冬うらら 1.5
□5
 階段を駆け下りた。

 途中の階で、エレベーターが止まっていたせいである。

 この階まで上がってくるのを、待ってなんかいられなかったのだ。

 何で。

 駆け下りながら、カイトは頭の中に疑問を飛び交わせた。

 何で、わざわざ会社まで訪ねてきたのか。

 それは、イヤだ、ということではない。

 そうではないのだ。

 そうではなくて、その理由をどんなに考えても、ばっちりはまるパズルピースが見つからないのである。

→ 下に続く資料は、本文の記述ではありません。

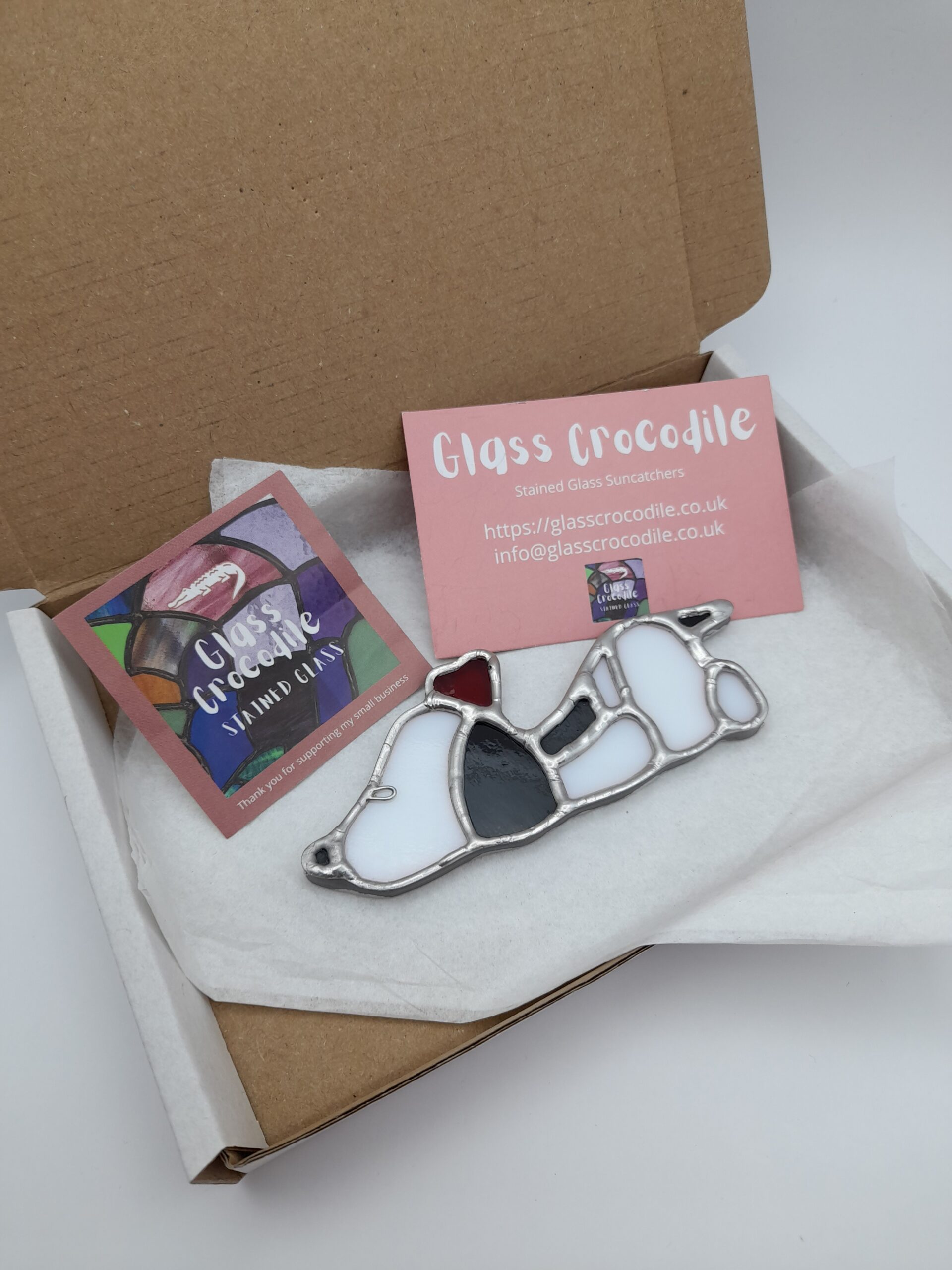 These pieces are created using opaque and Translucent glass in various shades of Black, White and Red. All my work is bubble wrapped and boxed for safe postage. Please note that postage is as a small parcel due to size of box.
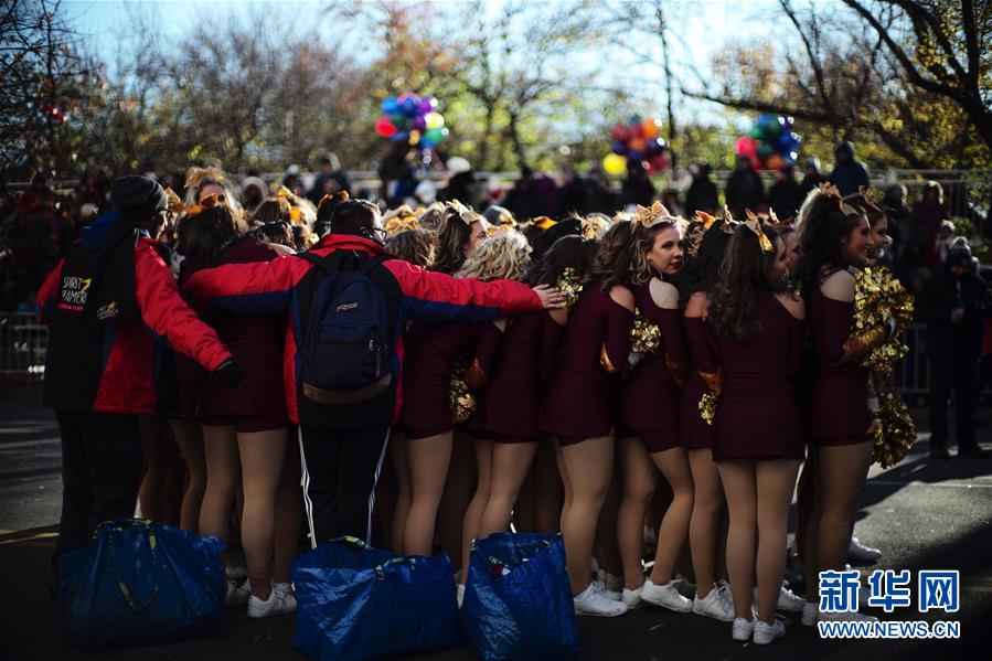 11月22日,在美國紐約感恩節(jié)大游行開始前,演員們抱團(tuán)取暖。

 あのメイが―― そんなに長い付き合いをしたワケではないが、とにかくあの彼女が、くだらない理由でわざわざ電話してきたり、会社に訪ねてきたりするとは思えないのだ。

 何か困ったことでも起きたのか。

 そう思うと、もう本当にいてもたってもいられずに、階段途中から踊り場まで一気に飛び降りる。

 ダダダダダッ!

 ようやく、一階まで駆け下りた。

 ゼイゼイと切れる息もそのままに、また走り出そうとした。

 さっきの電話の感じからすると、きっとこのビルの外にいるのだ。

 が。

 動きに急ブレーキをかける。

 上げた視線の中に、誰かがぱっと飛び込んで来たのだ。

 受付カウンターの前。

 そこから振り返るように、カイトの方を見ている存在が。

 間違いない。

 メイだ。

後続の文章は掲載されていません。